I must also acknowledge the good work of the Injury Prevention Workstream of the Public Health Directorate of the Ministry of Health and its development of a Maori Injury Prevention Action Plan for Public Health Purchasing.
This plan is to be developed over the next six months and will involve consultation with a range of iwi and Maori injury prevention providers and managers from the ACC, LTSA, New Zealand Fire Service and the Ministry of Health.
Other recent developments include injury prevention workforce workshops. Workshops have been run with a strong focus on Maori Injury Prevention Strategies. As you know your Network also organised a successful hui in Palmerston North that attracted a large number of Kaimahi Maori.
Existing community projects with a strong whanau, hapu and iwi development focus are also going from strength to strength.
The very recent establishment of a Maori Community Injury Prevention Project in Tuhoe’s rohe through Te Kaokao o Takapau also holds great promise.

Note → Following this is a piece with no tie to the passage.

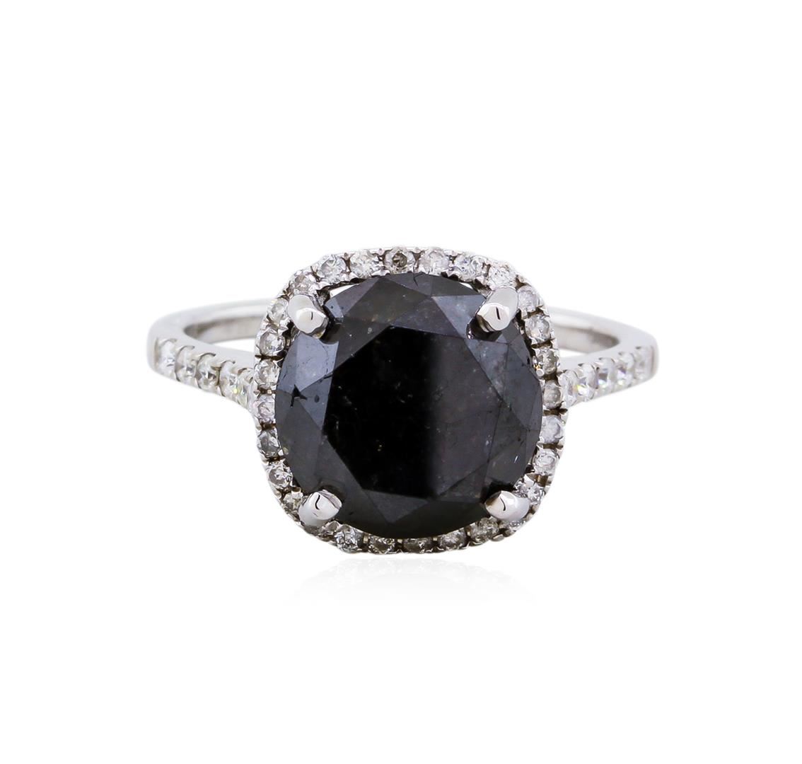 14KT white gold fancy black and white diamond ring. A fancy black round brilliant cut diamonds totalling 5.94 carats is prong mounted in the center of the ring. Round brilliant cut diamonds with an average clarity of I1 weigh in at an approximate 0.36 carats and accent the center diamond and on both sides. The ring is cast stamped "14K" and has a gross weight of 4.2 grams. Condition: Excellent GGA Appraised at $8,995.00.

The appointment of Iwi Liaison Officers by the New Zealand Fire Service has also been extremely successful as well as the appointment of Kai Tohutohu Maori in the Eastern Bay of Plenty and the Waikato.
New Zealand will be the first country to have a national health policy that integrates intervention for both mothers and children. Traditionally, these related problems have been dealt with as separate issues.
Once again, thank you for giving me the opportunity to speak with you today. You can look back on your Network’s first year of existence with pride and look to the future of injury prevention with confidence and hope. A lot has been achieved in a short time and there is every reason to look forward to continuing progress based on collaboration, cooperation and creating a safety culture. I hope you make good contacts, pick up new and interesting ideas, and have some fun while you are here.
Tena koutou, tena koutou, tena koutou katoa.